我張開雙臂,攔住了大家,我站在門口說,「你要怎麼樣才會放了他?君子一言,駟馬難追,我既然答應了放過你,就不會反悔。你放了我的兄弟。」
南宮淳說,「你放我一馬,可是他們倆和你身後的那些人不會放我一馬,我確定了自己安全了,就會把人給你放回來。」
「不行!我信不過你,你必須馬上放人,否則我讓你也走不掉。」我冷喝道。
喋血老六在我旁邊小聲的說,「再不動手,他們可就真的跑了,你兄弟的命不一定保得住。」
「不行!我不能親手殺死我兄弟,我做不到。他們已經敗了一次,這次殺不了,以後還有機會,兄弟要是死了,就再也回不來了。」我果決的說道。
老五在旁邊一聲不吭,而老六則是冷笑道,「一個換兩個高手的命,值了。」
「對你們來說值,對我來說不值!我心意已決,不能動手,除非能夠確保白景奇的安全。」我態度很強硬,沒得商量,老六聳了聳肩說,「你決定就好,反正這是你的事。」
蒼鷹跳上了旁邊的一輛車,把車子發動了,我知道南宮淳要跑,真要他跑了,會不會殺白景奇,我就不知道了。南宮淳退到了車門旁邊,一直把白景奇擋在自己的面前,然後一下子鑽了進去。
我以為他會放了白景奇,不曾想,南宮淳把白景奇弄上了車,他們的車子一下子就飛馳出去,「追!」我大喝了一聲,立即帶著兄弟們從天門總部出來,上了旁邊的車就跟著追了出去,不過南宮淳他們的車子開得很快,我們追了一會兒之後,居然跟丟了,不見了蹤影。

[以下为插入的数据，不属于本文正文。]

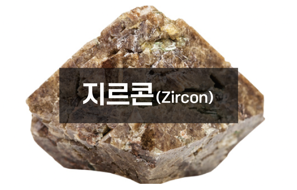 크롬 철광에 매립되어 있는 녹색 결정체가 질콘(Zircon)입니다.

天門十多輛車子,在幾乎是找遍了全城,但是卻沒有找到他們的車子,跟沒有發現白景奇的蹤跡。我氣得一腳踢在車門上,把車門踢得變了形。
我握緊了拳頭,心裡怒火沖天,殺氣騰騰,對著兄弟們說道,「立即去機場和火車站,汽車站守著,另外,派兄弟出去到處看看,尤其是郊外,生要見人,死要見屍!」
我心裡暗自發誓,如果白景奇有個三長兩短,我一定會把南宮淳抽筋剝皮,活生生的折磨死。
一直到了第二天早上,白景奇還是杳無音訊,生不見人,死不見屍,這一晚上,天門的兄弟幾乎都出去找了,就差把整個慶城掘地三尺了,但還是沒有找到。
我打白景奇的手機,也是提示關機,南宮淳他們的蹤跡也沒有發現。我坐在辦公室,範卓進來後說道,「陽哥,兄弟們找遍了整個慶城,甚至連河裡和碼頭都去找了,沒有發現。也許,他們是帶著奇哥一起跑了。」
誰都知道我現在氣頭上,範卓跟我說話的時候,聲音都有點發顫,我沉聲說,「希望如此,不過,他們如果帶走了景奇,只怕也是凶多吉少。再找找吧。」
範卓點了點頭便退出去了,洪門的人全部撤出了慶城,眼下慶城市真正的被天門給控制住了,再也沒有任何的阻力,但我卻一點都開心不起來,願意自然是因為白景奇生死未卜。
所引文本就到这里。